■ Directions
Word for word, restate the lines of the data below between those holding "Kabina tuš h-195" and "2025中国西藏第六届跨喜马", inclusive; pictures do not belong in the copy.

*** Opening of Record extracts ***

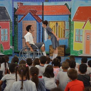 Cerca de 200 alunos assistiram ao espetáculo que aborda o tema da acessibilidade e propõe, de forma lúdica, a discussão da escola acessível. A ação se tornou possível através da Secretaria de Educação de Santo Antônio de Posse. Confira as fotos!
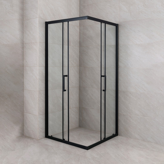 Kabina tuš h-195 cm kvadratna (prozirno staklo, crni mat profili)
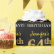 Este diseño de papel envolvente incluye un mensaje como "¡El CUMPLEAÑOS 64 de Jennifer!", y el "64" tiene un aspecto de color falso/imitación dorado. El nombre se puede personalizar y el fondo es negro de color. Tal vez podría usarse cuando se envuelven regalos para el 64 cumpleaños de alguien. [~Z0000177]
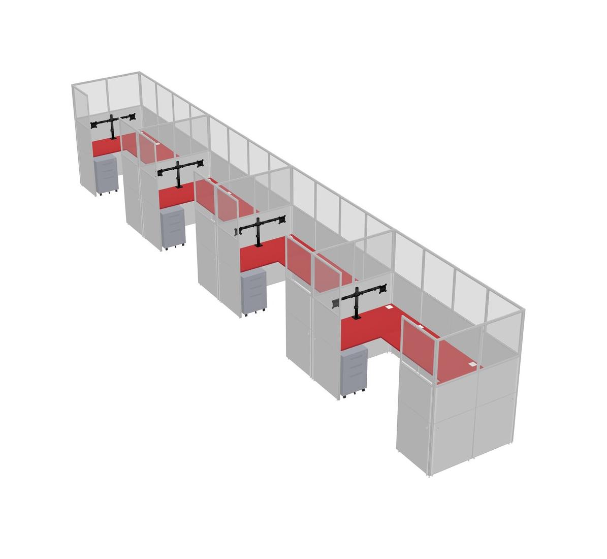 Prism Red U-shaped Panel System For 4 Person + Monitor Arm (double Arms) + Metal Mobile Drawers For 4 User(s)
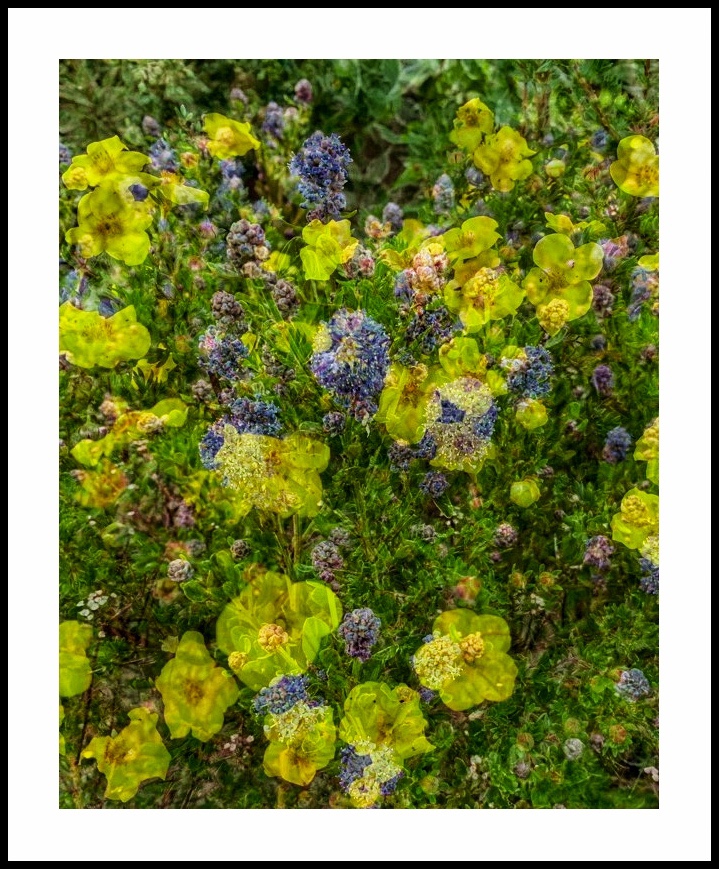 Potentilla and Ceanothus are two of my favourite bushes in the garden, so what better to show them at their best than a double exposure? There’s an app for everything!
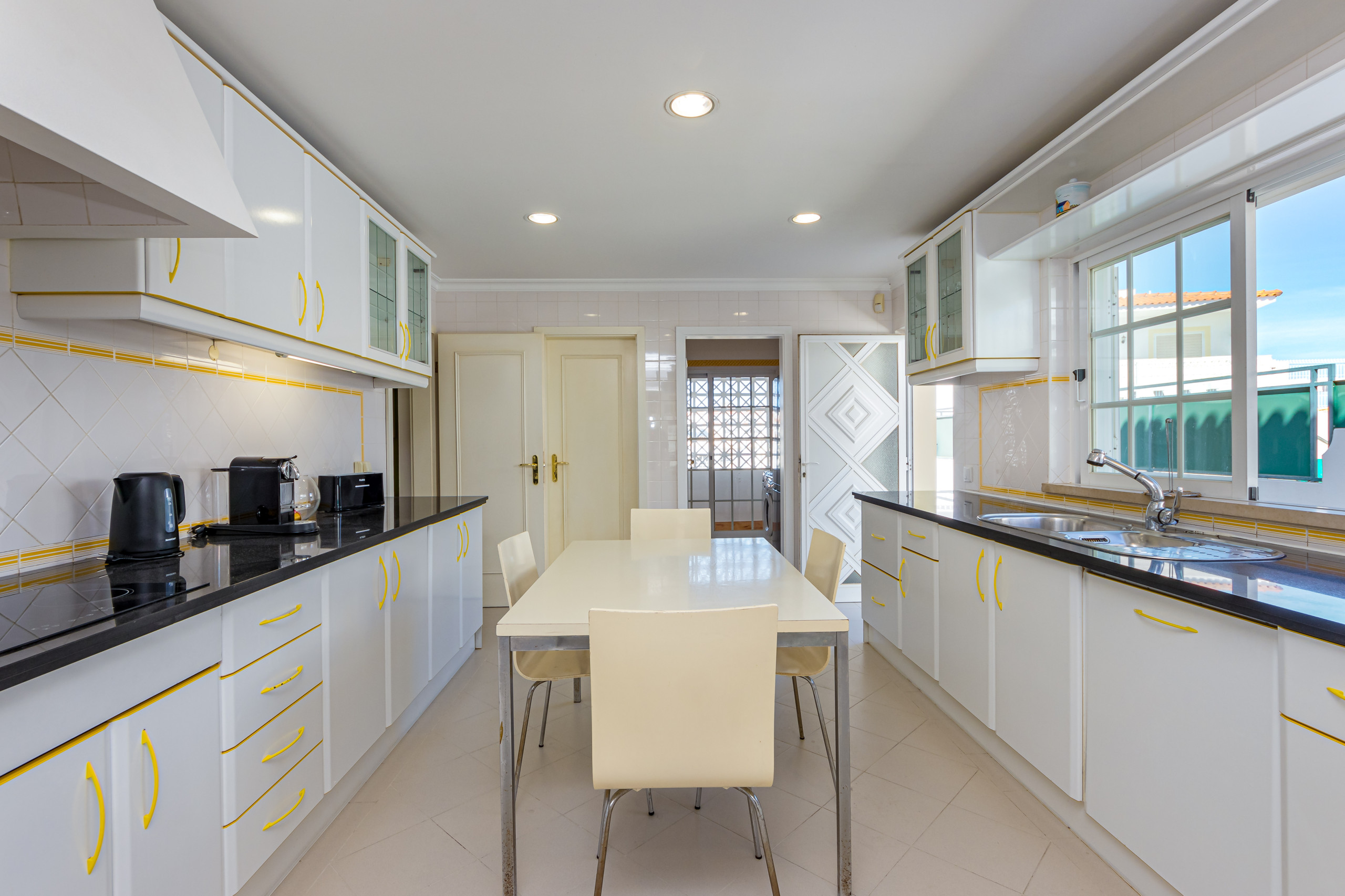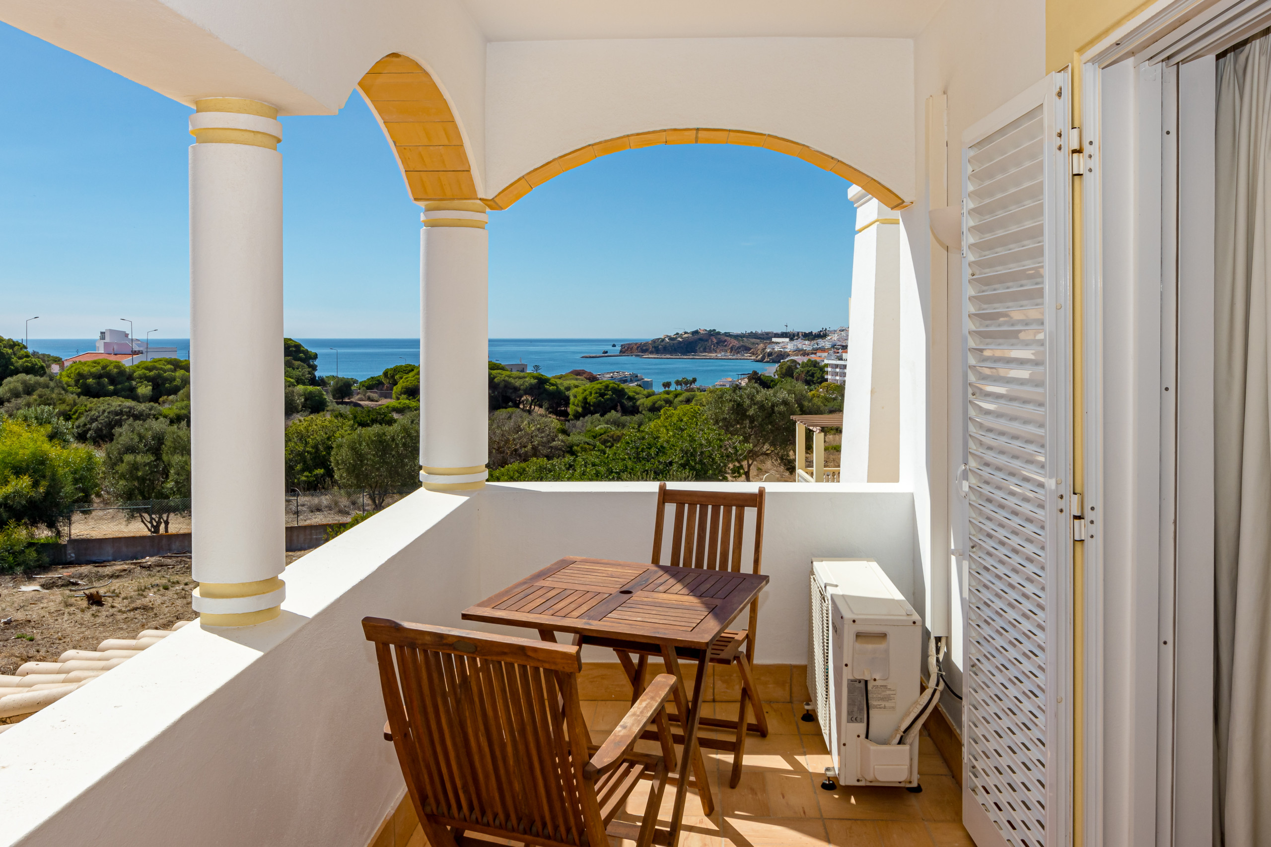 Depuis le premier étage, un escalier extérieur mène à une terrasse sur le toit privée offrant des vues exceptionnelles sur Albufeira et l’océan.
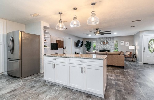 This place offers guests a stylish, yet cozy experience while enjoying quality time with your family or group of guests. Make dinner in the open kitchen with an island with the tastefully designed dining room nearby. Your group can have fun in the pool in a fully fenced-in back yard, watch a movie in the living room, or get some work done at the workspace.
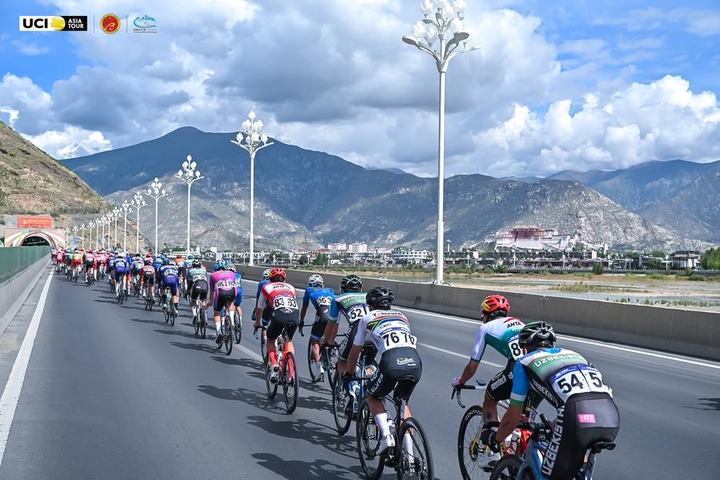 2025中国西藏第六届跨喜马拉雅国际公路自行车极限赛,选手在第三阶段拉萨站比赛中。(主办方供图)
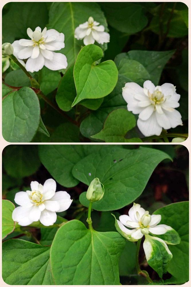 ✤🍀花友さんから頂いた八重咲きのドクダミ。鉢植えからはみ出し地面から🌱🤭
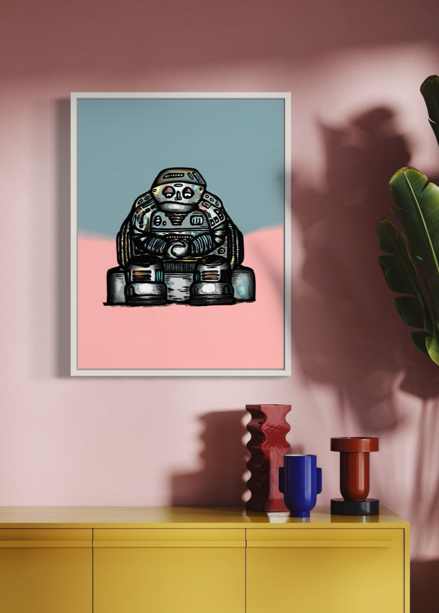 Moxi Prints are delivered in a rigid postal tube, rolled and unframed.

*** Close of Record extracts ***

■ Expected output
 Kabina tuš h-195 cm kvadratna (prozirno staklo, crni mat profili)
 Este diseño de papel envolvente incluye un mensaje como "¡El CUMPLEAÑOS 64 de Jennifer!", y el "64" tiene un aspecto de color falso/imitación dorado. El nombre se puede personalizar y el fondo es negro de color. Tal vez podría usarse cuando se envuelven regalos para el 64 cumpleaños de alguien. [~Z0000177]
 Prism Red U-shaped Panel System For 4 Person + Monitor Arm (double Arms) + Metal Mobile Drawers For 4 User(s)
 Potentilla and Ceanothus are two of my favourite bushes in the garden, so what better to show them at their best than a double exposure? There’s an app for everything!
 Depuis le premier étage, un escalier extérieur mène à une terrasse sur le toit privée offrant des vues exceptionnelles sur Albufeira et l’océan.
 This place offers guests a stylish, yet cozy experience while enjoying quality time with your family or group of guests. Make dinner in the open kitchen with an island with the tastefully designed dining room nearby. Your group can have fun in the pool in a fully fenced-in back yard, watch a movie in the living room, or get some work done at the workspace.
 2025中国西藏第六届跨喜马拉雅国际公路自行车极限赛,选手在第三阶段拉萨站比赛中。(主办方供图)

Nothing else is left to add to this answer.